### WORK INSTRUCTIONS
Restate word for word the lines below from the one that has "Штурм Капитолия в" through the one that has "În ultimii cinci", keeping both and dropping all pictures.

### DATASET RECORDS
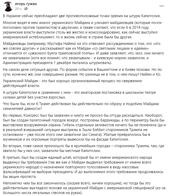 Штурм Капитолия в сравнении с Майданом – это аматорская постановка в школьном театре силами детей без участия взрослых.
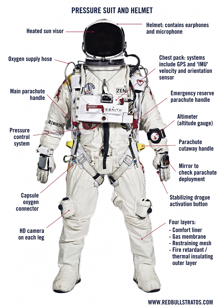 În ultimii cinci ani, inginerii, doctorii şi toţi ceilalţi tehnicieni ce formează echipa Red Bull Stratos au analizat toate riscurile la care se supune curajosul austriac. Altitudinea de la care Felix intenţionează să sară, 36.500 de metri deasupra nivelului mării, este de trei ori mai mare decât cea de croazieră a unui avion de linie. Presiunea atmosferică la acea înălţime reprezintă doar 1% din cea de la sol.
...
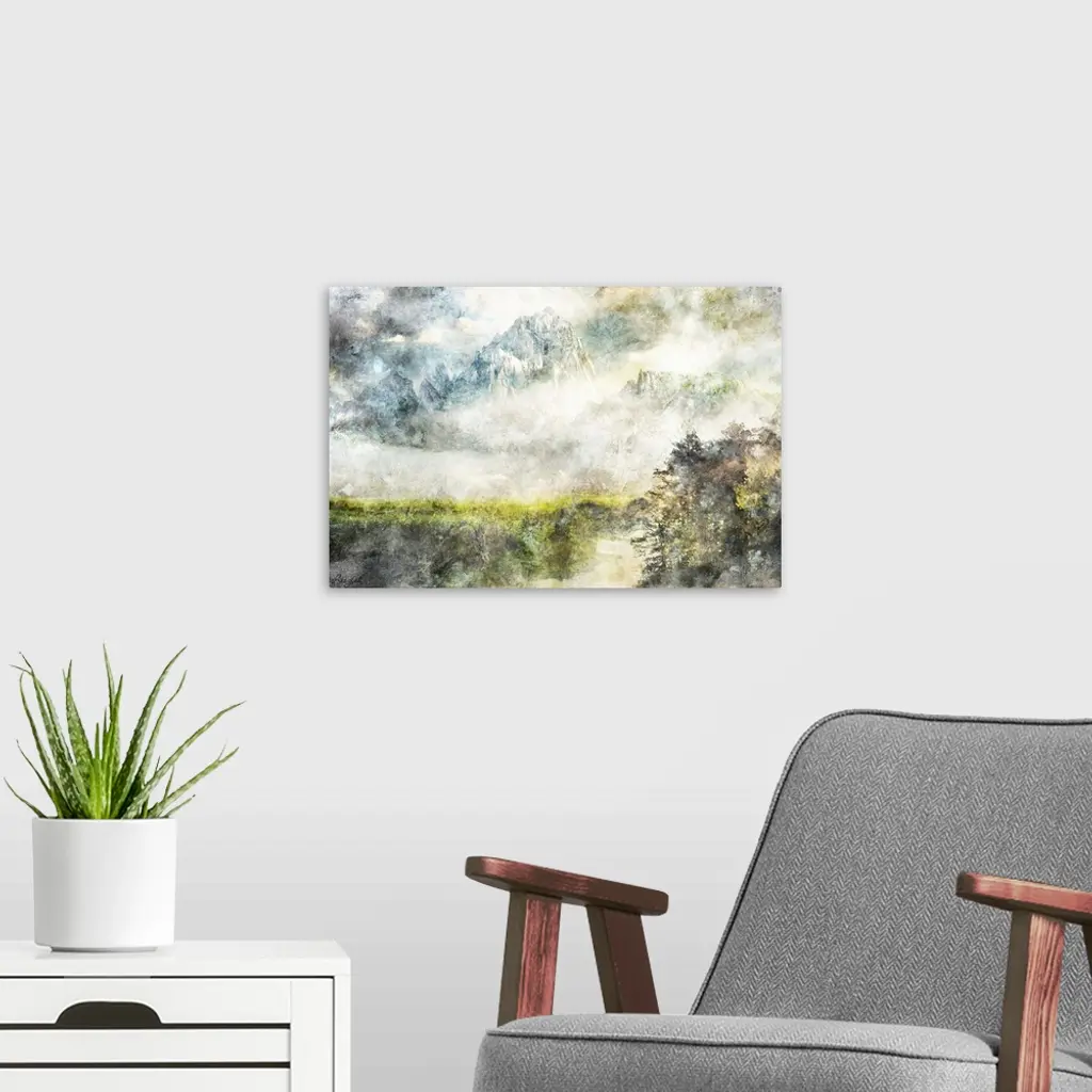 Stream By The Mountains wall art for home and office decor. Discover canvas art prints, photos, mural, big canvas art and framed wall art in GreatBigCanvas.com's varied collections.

### SOLVED EXERCISE
 Штурм Капитолия в сравнении с Майданом – это аматорская постановка в школьном театре силами детей без участия взрослых.
 În ultimii cinci ani, inginerii, doctorii şi toţi ceilalţi tehnicieni ce formează echipa Red Bull Stratos au analizat toate riscurile la care se supune curajosul austriac. Altitudinea de la care Felix intenţionează să sară, 36.500 de metri deasupra nivelului mării, este de trei ori mai mare decât cea de croazieră a unui avion de linie. Presiunea atmosferică la acea înălţime reprezintă doar 1% din cea de la sol.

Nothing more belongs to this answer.